Видение исчезло, а песня понизилась до ворчащей ноты и стихла. Малыш сидел рядом, склонив набок головку с короткими ушами, и смотрел на меня очаровательными глазками-пуговками с огромным блестящим зрачком и янтарной узкой радужкой. Моё сердце преисполнилось щемящей жалостью и сочувствием. Он так долго жил один, вернее, спал в анабиозе, пересматривая сны о прошлом великолепии, чтоб теперь проснуться в полумёртвом и пустом своём огромном доме посреди суши на многие, многие километры.
— Бедняга! — сказал я во сне, едва не плача, и погладил его по голове.
— Так значит, вы себя людьми называете, — произнёс малыш приятным нежным голосом, совершенно членораздельно. — Поразительно, до чего вы примитивны.
У меня отвисла челюсть. Тенго мирно спала рядом со мной, посапывая и легко подёргивая передней лапкой во сне — тоже что-то смотрела. Я потряс её и с чёткостью, совершенной и безжалостной, как лезвие острейшего скальпеля, вдруг понял, что не сплю. И резко приподнялся.
— Лежи, — спокойно приказал малыш, не пошевелившись. — Раз уж занял моё ложе. Поговорим.
И лапы мои замерли неподвижно, словно обладали собственной, послушной этому детёнышу волей. А был ли детёныш? Из глаз существа на меня глядел опыт тысячелетий, древняя мудрость и острый нечеловеческий ум. Я вспомнил приставку «перво», которую Тенго лепила ко всем подряд старинным вещам и явлениям, и догадался: первошаман.
— У-у! — рассмеялся первошаман, сложив губы уточкой. — Коля, Коля, Николай, сиди дома, не гу-уляй!
Я молчал, не зная, что ответить, но вдруг вспомнил о детях и потянулся лапой к паху, проверить, торчат ли хвостики.
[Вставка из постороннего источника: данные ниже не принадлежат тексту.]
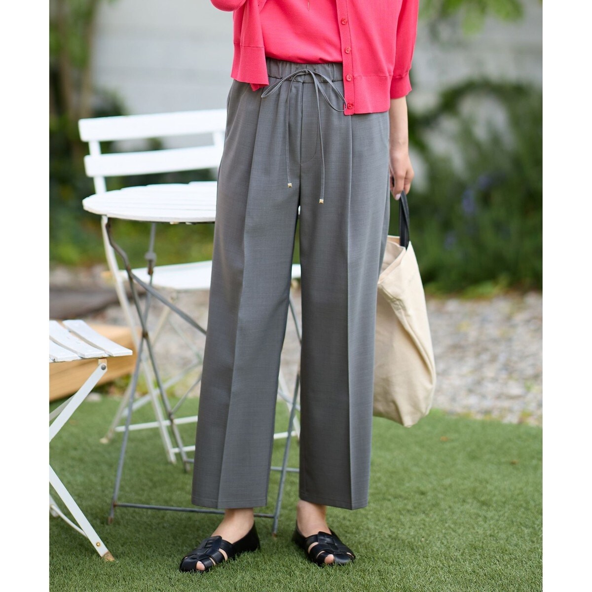 ・さらりとした落ち感のある素材で、きれいめにもカジュアルにも着回せるパンツ・センタープレスがきちんと感をプラスしてくれる・ウエストはゴム仕様で楽な着心地ながらも、スタイルのアクセントになるデザイン
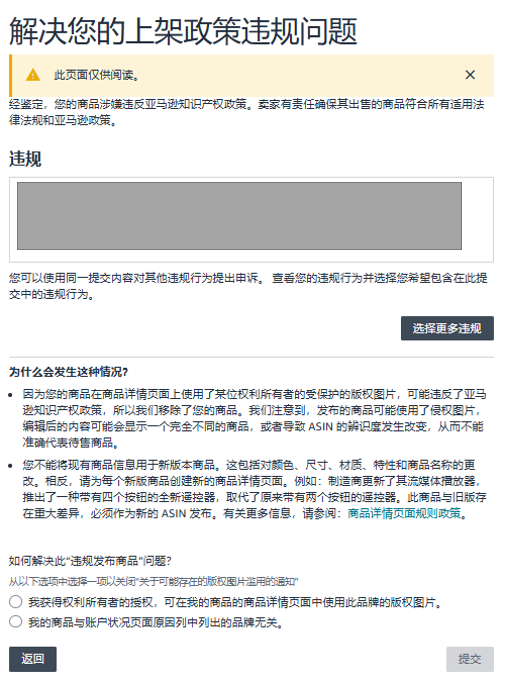 这里需要特别提醒卖家,如果被判定为版权图片滥用违规,亚马逊是不接受卖家以更换商品图片的方式进行申诉的。
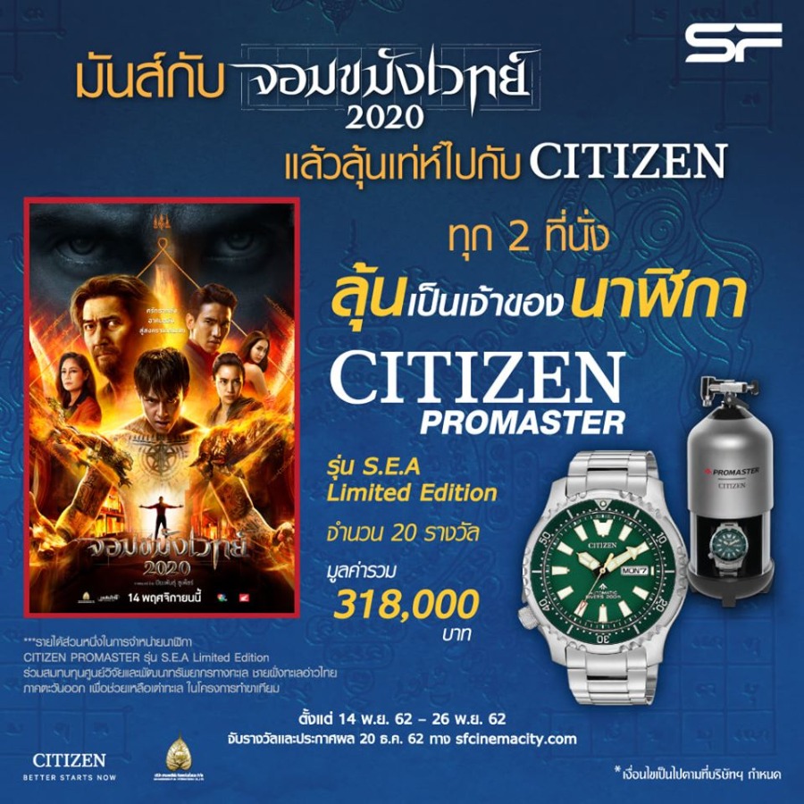 SF ให้คุณลุ้นเป็นเจ้าของนาฬิกาสุดเท่ห์ได้ง่ายๆ เพียงซื้อบัตรชมภาพยนตร์จอมขมังเวทย์ 2020 ทุก 2 ที่นั่ง ลุ้นรับนาฬิกา Citizen Promaster รุ่น S.E.A Limited Edition มูลค่า 15,900 บาท จำนวน 20 รางวัล ตั้งแต่วันนี้ - 26 พ.ย.62 ที่โรงภาพยนตร์ในเครือ SF ทุกสาขา
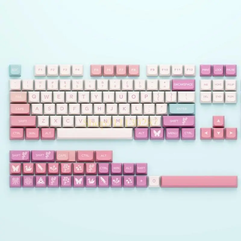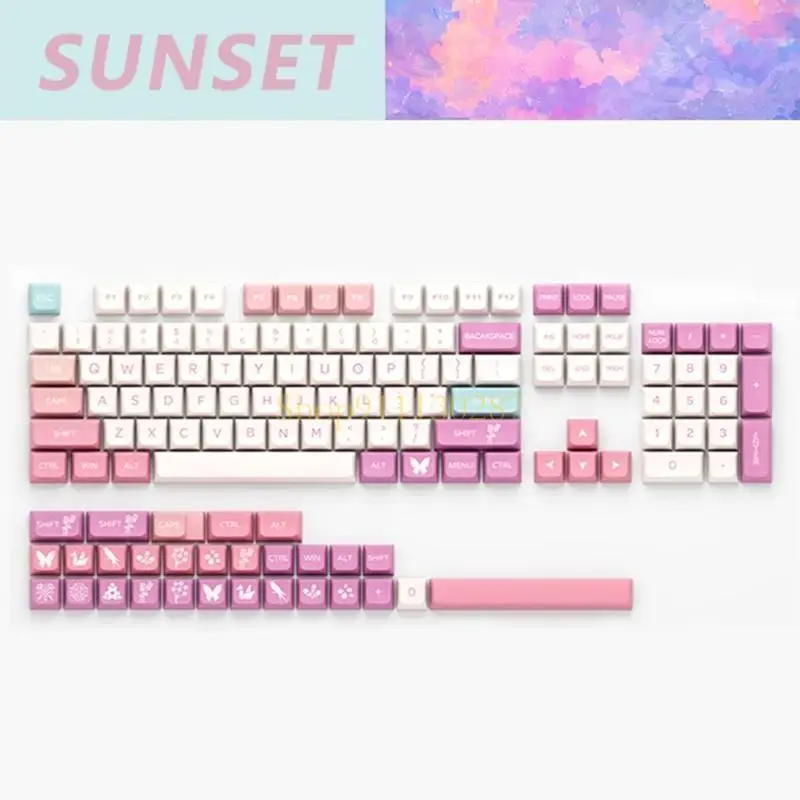 Las teclas con tema Pink Sunset hacen que sus teclados comunes sean especiales y texturizados.

Хвостики были на месте — висели неподвижно. Они мертвы?! Мои мучения были напрасны?! Я ощутил леденящий ужас.
— Спят от песни, — пояснил первошаман. — Я пока не решил, что с тобой делать.
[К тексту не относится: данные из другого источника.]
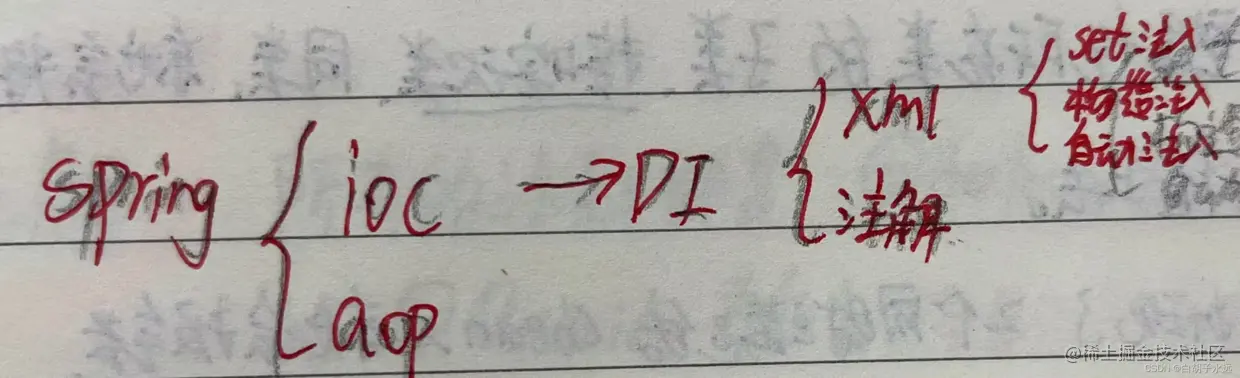 Spring的核心技术IOC(Intorol of Converse控制反转)的实现途径是DI(dependency Insert依赖注入)。而依赖注入(DI)的实现方式又有两种,xml方式和注解方式。如下图所示:
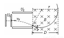 (1)微粒在加速电场中由动能定理得:qU1=mv02/2 ① 2分
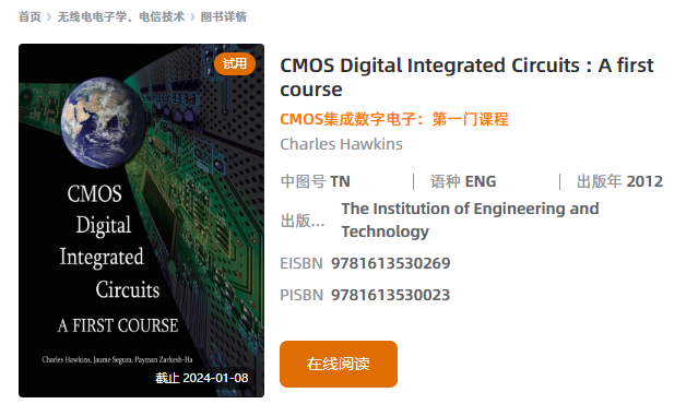 本次试用资源精选来自Wiley、CRC(Taylor & Francis旗下)、Cambridge University Press 、OVID、McGrill-Hill、IET电子教材库的10067种经典教材品种,涵盖理工、经管、农学、医学、人文社科等学科,支持读者在试用期内进行全文阅读。
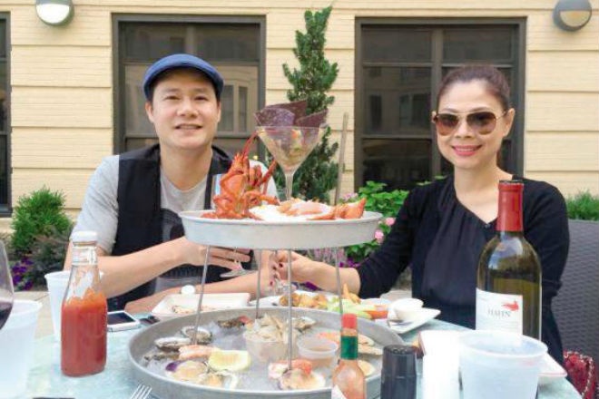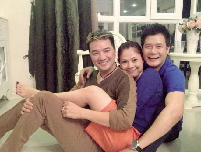 | Quang Dũng và Thanh Thảo bên cạnh người bạn chung Đàm Vĩnh Hưng. |

— Ты владеешь магией? — спросил я первым делом, вернув себе дар речи.
— То, что вы, примитивы, называете магией, — шаман расставил голосом кавычки, — наше давнее умение обращаться с электромагнитными импульсами живой и неживой природы.
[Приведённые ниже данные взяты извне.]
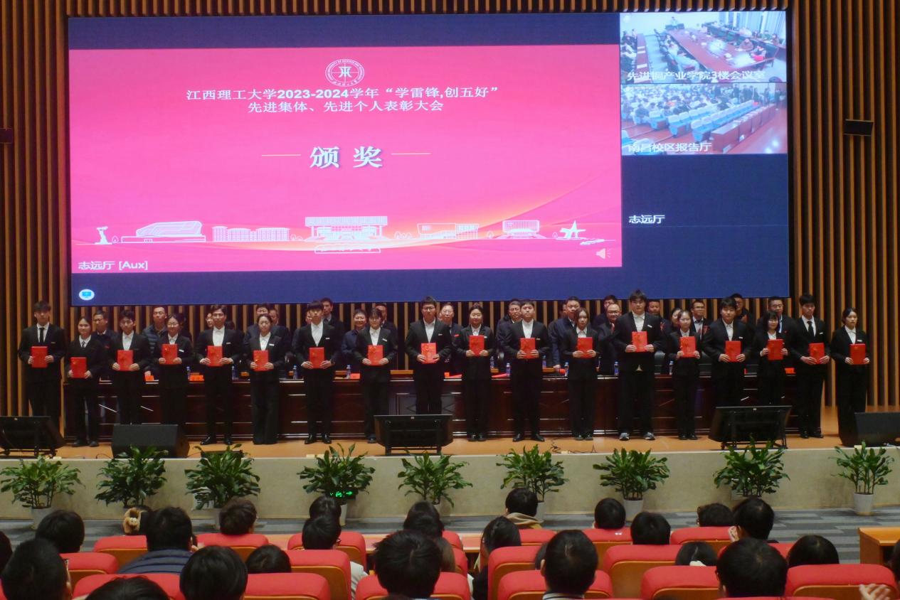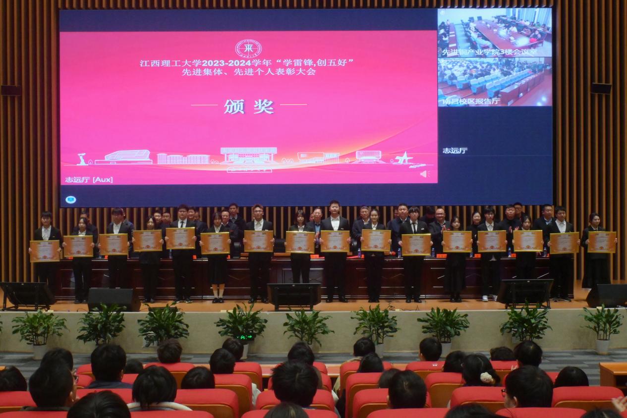 召开了2023-2024学年“学雷锋,创五好”先进集体、先进个人表彰大会。在家校领导、各相关职能部门负责人、学院负责人以及师生代表参加会议。大会主会场设在三江校区志远会议中心1号会议厅,南昌校区、先进铜产业学院(鹰潭)设分会场同步视频会议。大会由校党委常委、统战部部长汪锋锁主持。
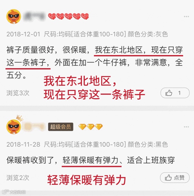 ▲左为其他秋裤,右为火山绒秋裤
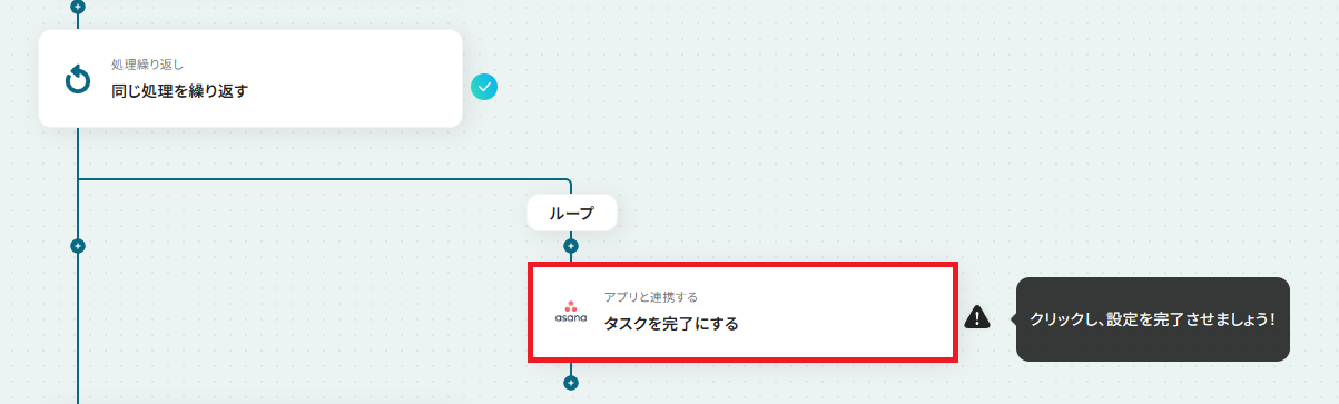 - 次に、ループ機能を設定し、前段で取得したタスク情報をもとに、個別のタスクに対して完了処理を繰り返すように設定します。
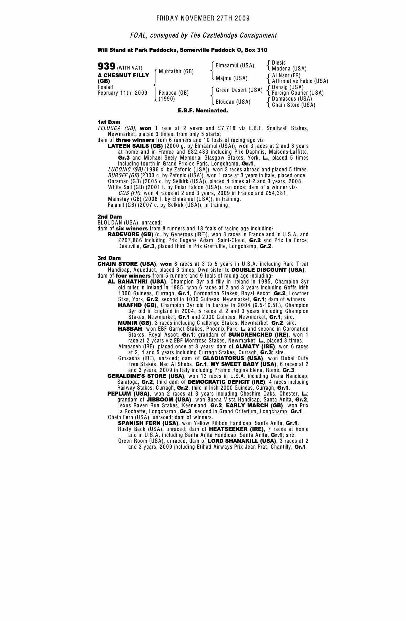December Mare Sale 2009 lot 1887 Mainstay (GB) (F. by Elmaamul (USA)), Juddmonte Farms=>Blandford Bloodstock 10,000 gns

Я снова только рот и открыл.
— Как ты узнал мой язык? — спросил наконец.
Шаман уставился на меня и тонко, по-детски загудел — смешно ему стало. А мне почему-то обидно.
— Ты что, думаешь, это мы с твоей женой на твоём языке говорим? — нагудевшись вдоволь, спросил он. — Это ты говоришь на нашем. Посмотри на себя, на свою морду-у, глотку-у. У тебя перепонки между пальцами и… э-э… речевой аппарат.
— Но как?!
— Хранители Крови тебя изменили. По прихоти Первомужа, заметь, не по воле! Ты получил Хранителей от дакнусов и наших далёких сухопу-утных родичей.
Он пощёлкал перепончатыми пальцами, подбирая известное мне слово.
— Прионы, как ты говоришь. Они… — он снова щёлкнул, задумавшись, — адаптировали тебя, так сказать, по образу и подобию Тенго. У-у, какая у вас религия смешная, у-у-у!!! А слов лишних сколько придумали для описания несуществу-ующих и неважных вещей, поразительну-у-у!
— А это ты откуда знаешь?!
— Пока ты мои сны смотрел — я просмотрел твои, человечьи, — пояснил шаман. — Получил ответы на все свои вопросы к Первотворцам, ведь всё понять не мог, что с миром творится в последнее время, теперь знаю. А к тебе имею одну единственную просьбу.
— Какую же? — пробормотал я, тихонько толкая спящую Тенго.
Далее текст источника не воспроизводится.